Your copy should match the entries below exactly, apart from the images.

** Opening Record extracts block **

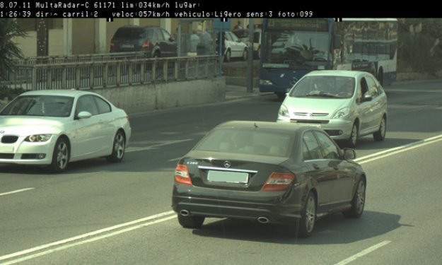 Esta imagen corresponde a un conductor que se ha librado, porque está en fase de pruebas, iba a 57 km/h. Pero próximamente, el que pase de 53 km/h en ese lugar se expone a una multa de 100 euros, vaya en el carril que vaya. Este radar es más caro que los que se usan normalmente, pero también es más eficiente poniendo multas con mucho tráfico.
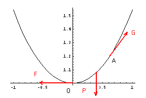 Consideró el trozo de cadena OA. Las fuerzas que actúan sobre ese trozo son el peso P, la fuerza F (que depende del lado izquierdo de la cadena y por lo tanto es constante) y G.
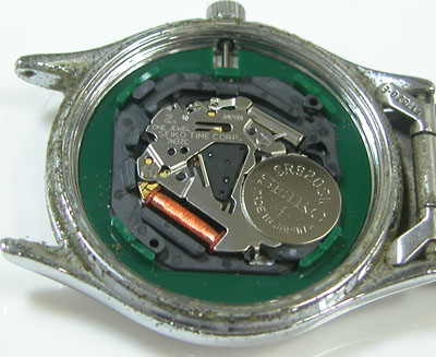 綺麗になったケースにムーブメントを戻して電池格納部をチェックします。
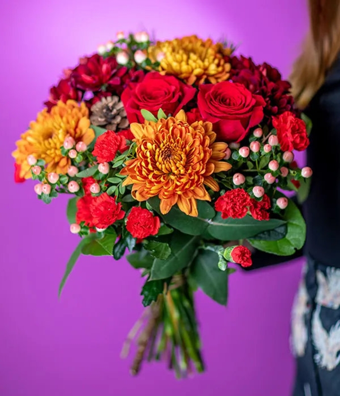 A bright and beautiful festive bouquet! This arrangement is filled with red spray carnations, orange blooms, chrysanthemum, hypericum, pine cones, spruce and seasonal foliage.
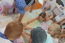 "Кояшкай" лагеренда тәрбияләнүче балалар карта аша кызыклы һәм гүзәл урыннарга сәяхәт калдылар, Татарстан шәһәрләре турында күп мәгълүмат тупладылар
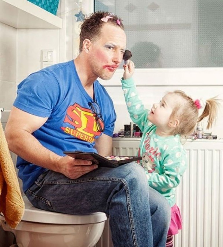 Gratis Unduh Foto So Sweet Momen Menggemaskan Saat Anak Perempuan Dandani Ayahnya
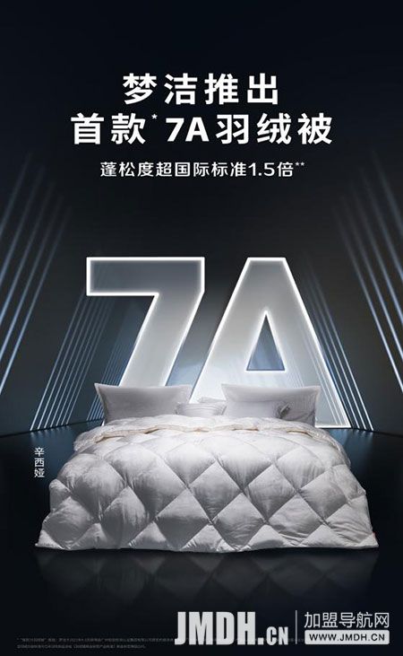 此外,梦洁还突破羽绒行业最高5A标准,重磅推出首款7A级羽绒被;同时率先导入广检集团发布的床品行业最高7A原料标准及高端床上用品标准,成为了行业内首个获得7A原料认证及高端床上用品认证的企业。还有全球首创248×248尺寸大方被、领先的蚕丝被芯可水洗技术、率先推出1000根纱织密度的高奢床品……梦洁以科学创新精神拓展出多个高端化床品品类,满足了人们日益增长的升级需求。
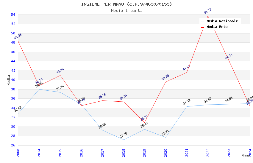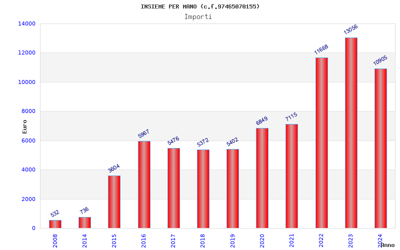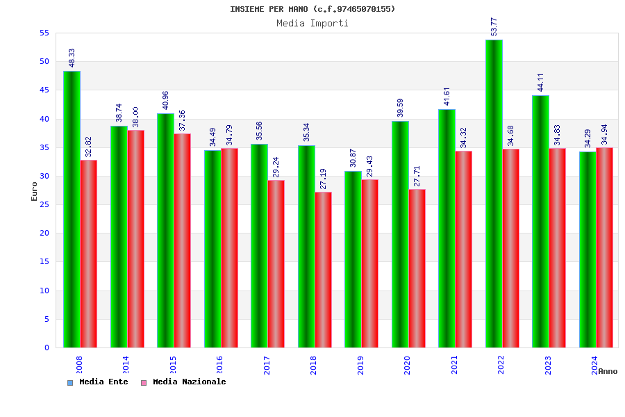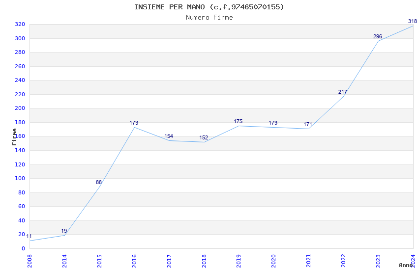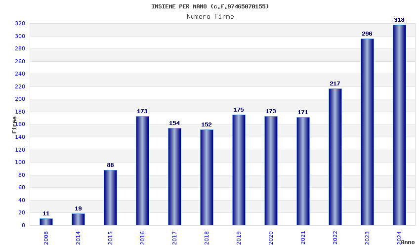| Anno | Firme | Importi | Media | Naz. | Reg. | Prov. | Comu. |
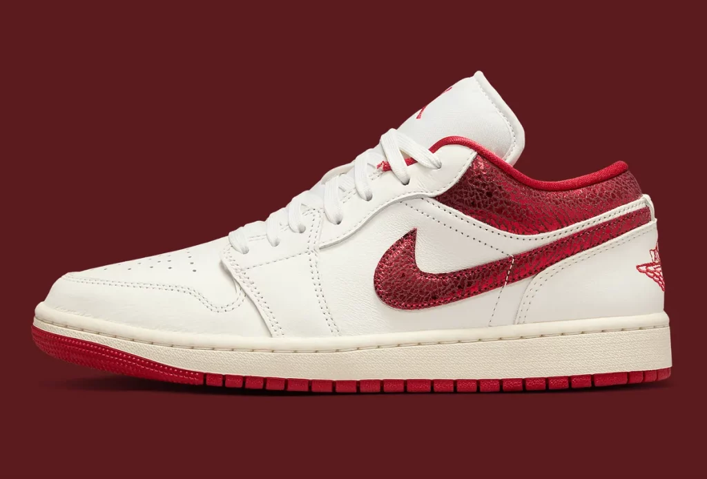To mark Jordan Brand’s 40th Anniversary, the Air Jordan 1 Low “Ruby” brings gem-like elegance to a beloved classic. Launching as a women’s exclusive, this summer-ready sneaker captures the essence of the iconic ruby stone with bold red tones and luxe textures. Dressed in Sail, Team Red, and Varsity Red, the shoe’s upper features a smooth leather base contrasted by cracked leather overlays, a nod to both premium craftsmanship and vintage appeal. Rich red hues shine on the Swoosh, heel, and embroidered Wings logo, offering a layered look that’s both modern and rooted in heritage.

** Closing Record extracts block **

:: Problem solution ::
 Esta imagen corresponde a un conductor que se ha librado, porque está en fase de pruebas, iba a 57 km/h. Pero próximamente, el que pase de 53 km/h en ese lugar se expone a una multa de 100 euros, vaya en el carril que vaya. Este radar es más caro que los que se usan normalmente, pero también es más eficiente poniendo multas con mucho tráfico.
 Consideró el trozo de cadena OA. Las fuerzas que actúan sobre ese trozo son el peso P, la fuerza F (que depende del lado izquierdo de la cadena y por lo tanto es constante) y G.
 綺麗になったケースにムーブメントを戻して電池格納部をチェックします。
 A bright and beautiful festive bouquet! This arrangement is filled with red spray carnations, orange blooms, chrysanthemum, hypericum, pine cones, spruce and seasonal foliage.
 "Кояшкай" лагеренда тәрбияләнүче балалар карта аша кызыклы һәм гүзәл урыннарга сәяхәт калдылар, Татарстан шәһәрләре турында күп мәгълүмат тупладылар
 Gratis Unduh Foto So Sweet Momen Menggemaskan Saat Anak Perempuan Dandani Ayahnya
 此外,梦洁还突破羽绒行业最高5A标准,重磅推出首款7A级羽绒被;同时率先导入广检集团发布的床品行业最高7A原料标准及高端床上用品标准,成为了行业内首个获得7A原料认证及高端床上用品认证的企业。还有全球首创248×248尺寸大方被、领先的蚕丝被芯可水洗技术、率先推出1000根纱织密度的高奢床品……梦洁以科学创新精神拓展出多个高端化床品品类,满足了人们日益增长的升级需求。
| Anno | Firme | Importi | Media | Naz. | Reg. | Prov. | Comu. |
To mark Jordan Brand’s 40th Anniversary, the Air Jordan 1 Low “Ruby” brings gem-like elegance to a beloved classic. Launching as a women’s exclusive, this summer-ready sneaker captures the essence of the iconic ruby stone with bold red tones and luxe textures. Dressed in Sail, Team Red, and Varsity Red, the shoe’s upper features a smooth leather base contrasted by cracked leather overlays, a nod to both premium craftsmanship and vintage appeal. Rich red hues shine on the Swoosh, heel, and embroidered Wings logo, offering a layered look that’s both modern and rooted in heritage.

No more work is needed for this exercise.